# Border Terrier Stripping Tools



## BostonDan (Dec 29, 2014)

Hi - 

I'm acquiring a border terrier pup next month and I'm trying to do as much preparation as possible. Can anyone recommend a good stripping brush/knife/comb that will make the process less tedious? 

In advance, thanks.


----------



## Kathyy (Jun 15, 2008)

Congratulations!

I've been removing coat from wiry/long coated dogs for 16 years. Fingers. At least start with them. As soon as new pup is settled start pretending to pluck with your fingers. Fluff his coat in the area and pick up the longest dozen hairs with 2 fingers and pull just a bit, you don't need to pull yet. That will be plenty challenge at first! Likely you will be fluffing all over and then picking up hair and finally doing the faux pulling. Once he is fine with that in the areas that will get stripped, all but between legs/groin, then start with your chosen tool, again pretending to pull hair. I used a $5 knife from the pet store and a grooming stone from the horse store on the wire haired dog when I used tools. Mostly I used my fingers along with normal brushing out. My first spaniel type coat had a massive hideous spay coat which is undercoat gone crazy and I added a Mars Coat King to the arsenal but for the legs where most of the bad stuff was I still mostly plucked with fingers. 
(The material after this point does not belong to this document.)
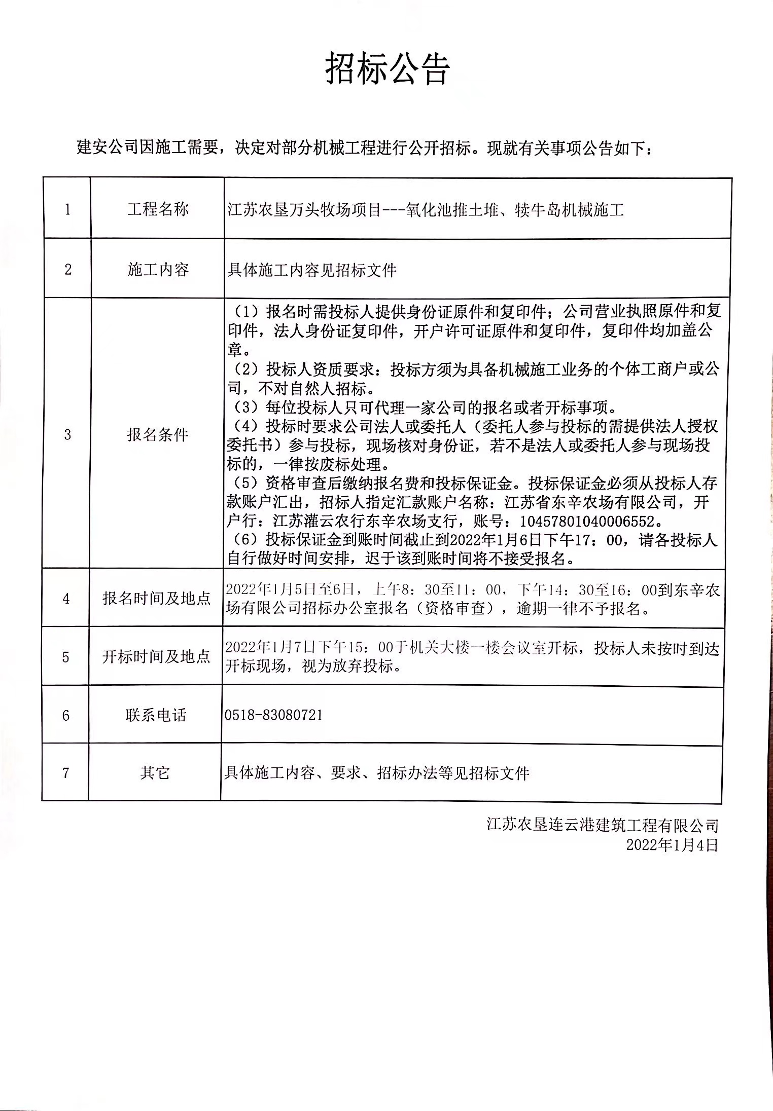 江蘇農墾萬頭牧場項目泌乳牛舍土建勞務施工 招標公告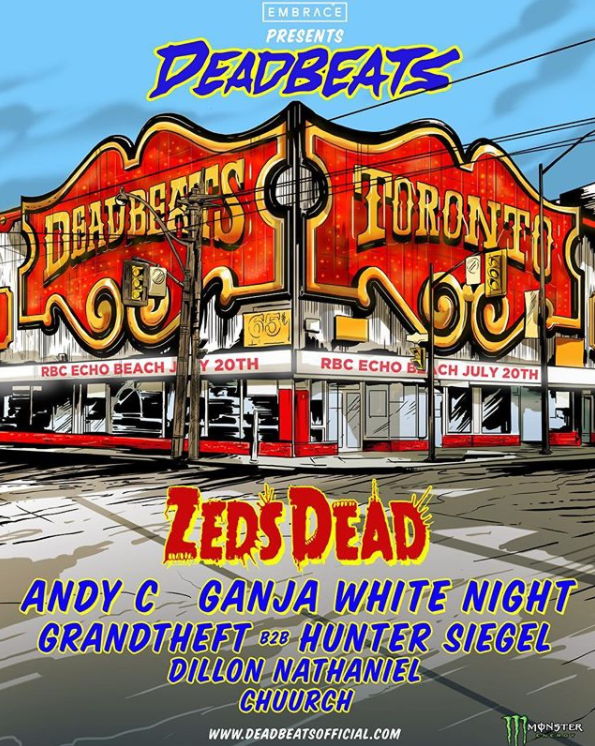 Zeds Deads’ Deadbeats festival is making its way back to Toronto! The event will take over Echo Beach on July 20th. Aside from Zed Dead themselves, the line up also features the legend Andy C, Ganja White Night, Grandtheft & Hunter Siegel (B2B), Dillon Nathaniel and Chuurch. It promises a wide array of sounds with a healthy helping of bass. This is a can’t miss! Cop tickets now.

Try a good soft slicker for normal brushing. Be very sure the tips are blunted so you don't scratch tender skin, I went high end and bought Chris Christenson slicker and pin brushes or dull the wires by scratching it on concrete or sandpaper. It shouldn't scratch your skin when you stroke it. Dog skin is more tender than ours as it is protected by all that fur, this is important.


----------



## BostonDan (Dec 29, 2014)

Thanks Kathy for responding. 

You mentioned a $5 knife from the pet store. Is this a stripping knife or something else?


----------



## elrohwen (Nov 10, 2011)

Some place like GroomersMall.com or Petedge.com is good for stripping knives. I would start with at least coarse and fine and see what you like. I groom spaniels, not terriers, but I do use a lot of stripping knives and know a little bit of the technique. A good stripping knife will be pretty cheap. You want it kind of dull, which you can do by using it on a dirty coat, or you can speed it up by cutting through cardboard or something. Lots of people like the Coat King too (you can get that through Groomer's Mall). Real show groomers of terriers won't use them, but they're perfectly fine for at home pet grooming where you want to strip, but want to do it a bit faster.


----------



## Kathyy (Jun 15, 2008)

Yes, a stripping knife. It has a round end and I don't see it at my local big box pet stores now. Good groomers need a variety for different coat types and personal preference but a pet owner is just trying to keep the dog looking like its breed not looking for the perfect clean neck or getting the job done in 3 hours rather than 5.

As far as I know there is no way to make the job shorter because only a few hairs can be pulled at a time. The Mars Coat King will pull more hair but it only gets you so far.


----------



## BostonDan (Dec 29, 2014)

Just getting back to this. Thanks again to both of you for the suggestions.


----------